Question

1. the functions f and g are continuous. the function h is given by h(x)=f(g(x)) - x. the table below gives values of the functions. explain why there must be a value c for 1 < c < 5 such that h(c)= - 2.

x	1	2	3	4	5
f(x)	0	9	7	- 3	8
g(x)	4	6	- 4	1	3

Explanation:

Step1: Recall Intermediate - Value Theorem

The Intermediate - Value Theorem states that if a function \(y = h(x)\) is continuous on a closed interval \([a,b]\), and \(k\) is a number between \(h(a)\) and \(h(b)\), then there exists at least one number \(c\) in the open interval \((a,b)\) such that \(h(c)=k\).

Step2: Calculate \(h(1)\) and \(h(5)\)

First, find \(h(1)\):
\[

$$\begin{align*} h(1)&=f(g(1)) - 1\\ g(1)&=4\\ f(g(1))&=f(4)= - 3\\ h(1)&=-3 - 1=-4 \end{align*}$$

\]
Next, find \(h(5)\):
\[

$$\begin{align*} h(5)&=f(g(5)) - 5\\ g(5)&=3\\ f(g(5))&=f(3)=7\\ h(5)&=7 - 5 = 2 \end{align*}$$

\]

Step3: Apply Intermediate - Value Theorem

We want \(h(c)=-2\).
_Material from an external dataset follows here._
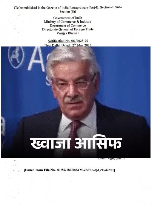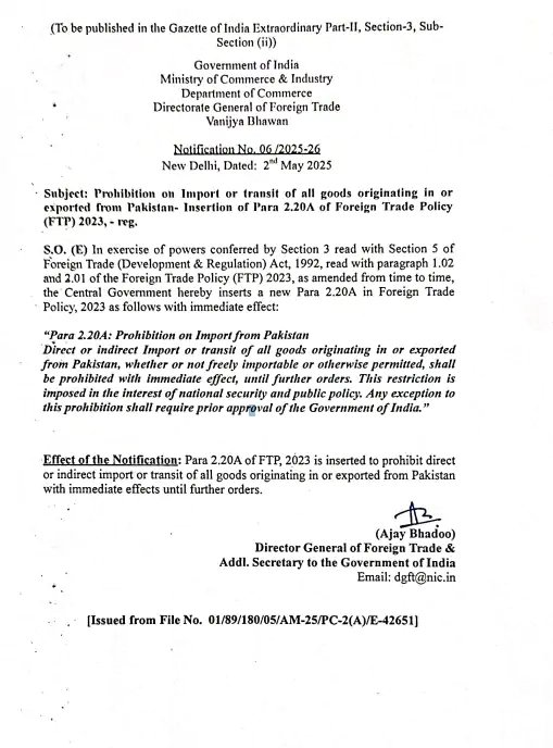 भारत ने पाकिस्तान से आने वाले सभी सामानों के आयात (इंपोर्ट) पर रोक लगा दी है। अब पाकिस्तान से सीधे या किसी और रास्ते से कोई भी चीज भारत में नहीं लाई जा सकेगी। यह फैसला देश की सुरक्षा और जनता के हित में लिया गया है। यह नियम तुरंत लागू हो गया है। सरकार ने नोटिफिकेशन जारी किया है। इसमें कहा गया कि अगर किसी को इस रोक से छूट चाहिए, तो उसे पहले भारत सरकार से इजाजत लेनी होगी।

Since \(h(x)\) is continuous (because \(f\) and \(g\) are continuous, and the composition and subtraction of continuous functions is continuous), and \(-4=h(1)<-2 < h(5)=2\), by the Intermediate - Value Theorem, there must be a value \(c\) in the open interval \((1,5)\) such that \(h(c)=-2\).

Answer:

There must be a value \(c\) for \(1 < c < 5\) such that \(h(c)=-2\) because \(h(x)\) is continuous on \([1,5]\), \(h(1)=-4\), \(h(5)=2\), and \(-2\) is between \(-4\) and \(2\), so the Intermediate - Value Theorem applies.